** DATASET EXCERPT follows **

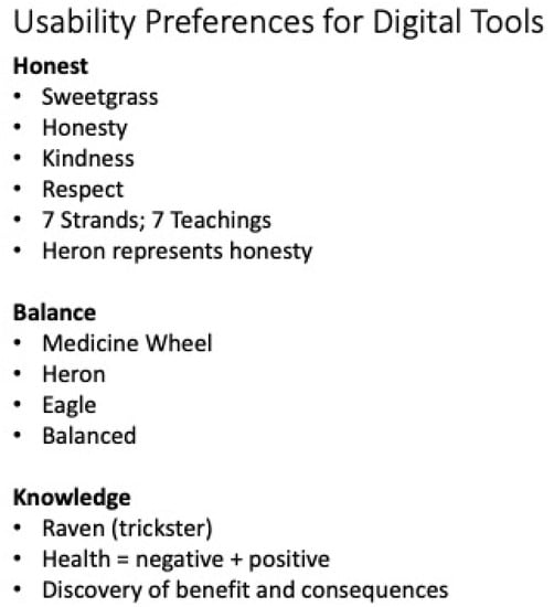 Participants generated ideas for a new interface design and layout grounded in Indigenous knowledges and cultural wellness. Usability was investigated through Indigenous storytelling and oral traditions about perceived cultural safety and inclusive of Indigenous knowledges on wellness. Figure 2 illustrates that in order to live well and have a balanced life, traditional medicines from an oral story of the Sacred Tree must be included in one’s life []. The illustration shows Sacred Tree teachings in several ways, including sweetgrass in a circle, empathy, honesty, and respect. The Sacred Tree teachings are embedded in the imagery and words chosen []. Sweetgrass is use in traditional healing ceremonies to symbolically repel negative energies and protect one’s living space, environment and self. Sweetgrass is also used for ‘smudging’ where the grass is burned and the person is encircled in the smoke that is produced. Smudging ceremonies are often part of spiritual experiences for many Indigenous groups, and are seen as a way to provide a sacred and spiritual healing experience []. Red ochre is also a believed to have protective properties and has been associated with connection with a tribe as well as the ability to protect against evil. Indeed, recent reconnection to traditional spiritual practices has identified use of red ochre for face painting as a way of “reclaiming culture” [].
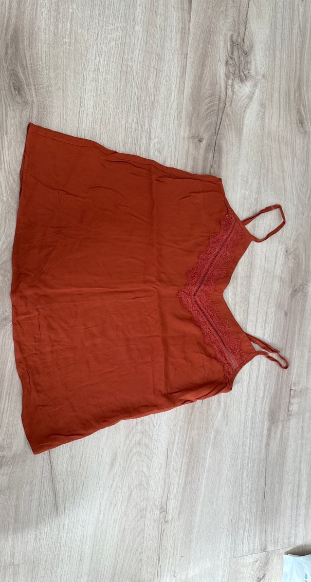Kırmızı, dantelli V yaka, kolsuz kadın atlet. Yumuşacık bir bluz tertemiz hiç kusuru yok
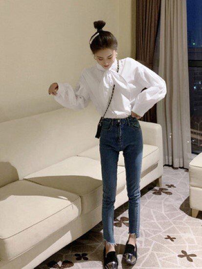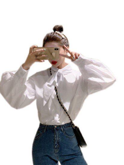長袖シャツ レディース ブラウス トップス 白シャツ ホワイト ネクタイ フロントボタン シンプル 無地 ベーシック 定番 カジュアル お出かけ オフィス OL 白ブラウス ゆったり ルーズシルエット
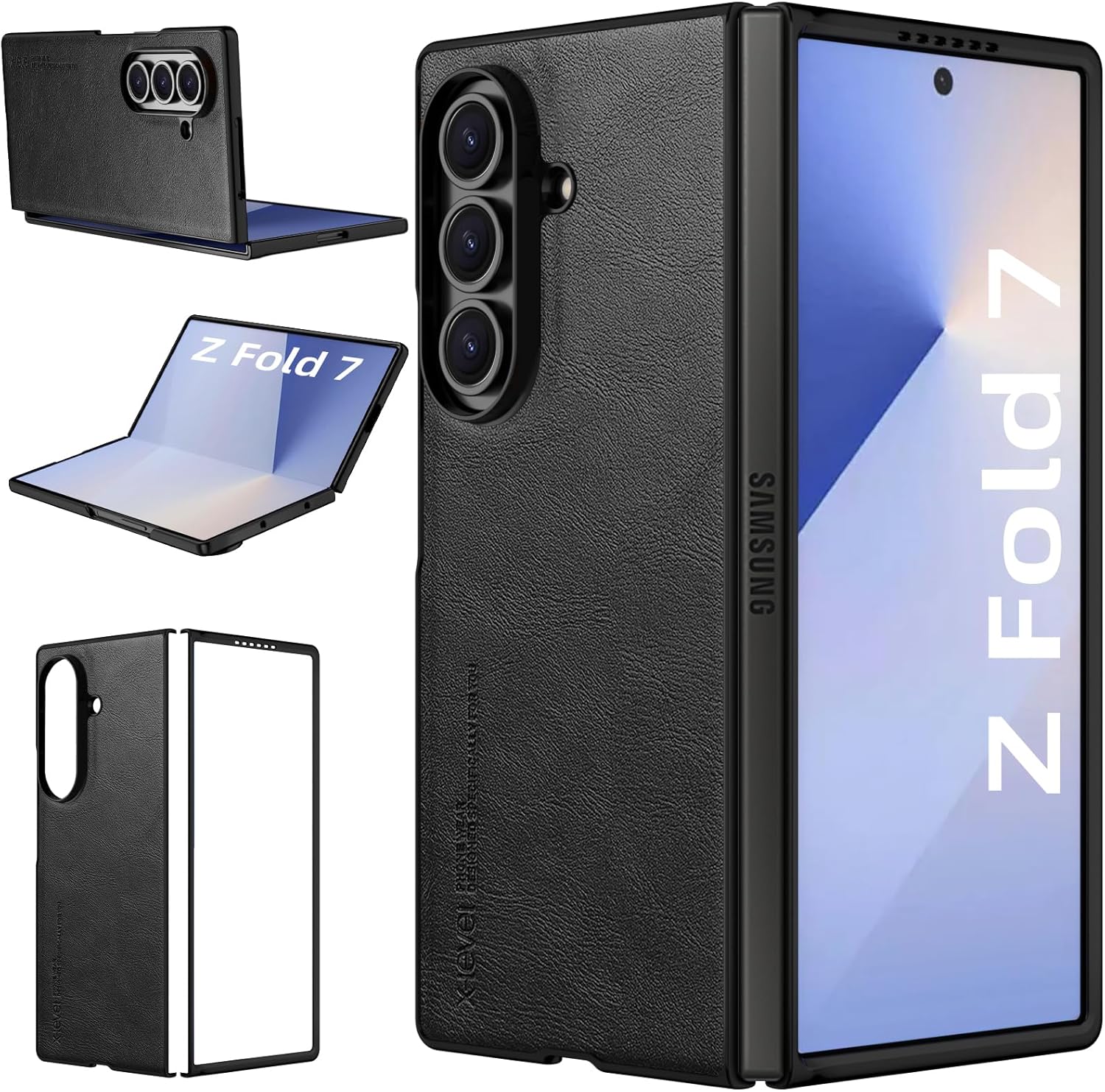 Samsung Galaxy Z Fold 7 X-level, Thin Slim Premium PU Leather | Bumper | Shockproof Protection | Folding Phone Case | Black

** End of DATASET EXCERPT **

→ **INSTRUCTIONS FOR THE TASK**:
Exactly as written, return each line above and leave the pictures behind.

→ **WRITTEN ANSWER**:
 Participants generated ideas for a new interface design and layout grounded in Indigenous knowledges and cultural wellness. Usability was investigated through Indigenous storytelling and oral traditions about perceived cultural safety and inclusive of Indigenous knowledges on wellness. Figure 2 illustrates that in order to live well and have a balanced life, traditional medicines from an oral story of the Sacred Tree must be included in one’s life []. The illustration shows Sacred Tree teachings in several ways, including sweetgrass in a circle, empathy, honesty, and respect. The Sacred Tree teachings are embedded in the imagery and words chosen []. Sweetgrass is use in traditional healing ceremonies to symbolically repel negative energies and protect one’s living space, environment and self. Sweetgrass is also used for ‘smudging’ where the grass is burned and the person is encircled in the smoke that is produced. Smudging ceremonies are often part of spiritual experiences for many Indigenous groups, and are seen as a way to provide a sacred and spiritual healing experience []. Red ochre is also a believed to have protective properties and has been associated with connection with a tribe as well as the ability to protect against evil. Indeed, recent reconnection to traditional spiritual practices has identified use of red ochre for face painting as a way of “reclaiming culture” [].
Kırmızı, dantelli V yaka, kolsuz kadın atlet. Yumuşacık bir bluz tertemiz hiç kusuru yok
長袖シャツ レディース ブラウス トップス 白シャツ ホワイト ネクタイ フロントボタン シンプル 無地 ベーシック 定番 カジュアル お出かけ オフィス OL 白ブラウス ゆったり ルーズシルエット
 Samsung Galaxy Z Fold 7 X-level, Thin Slim Premium PU Leather | Bumper | Shockproof Protection | Folding Phone Case | Black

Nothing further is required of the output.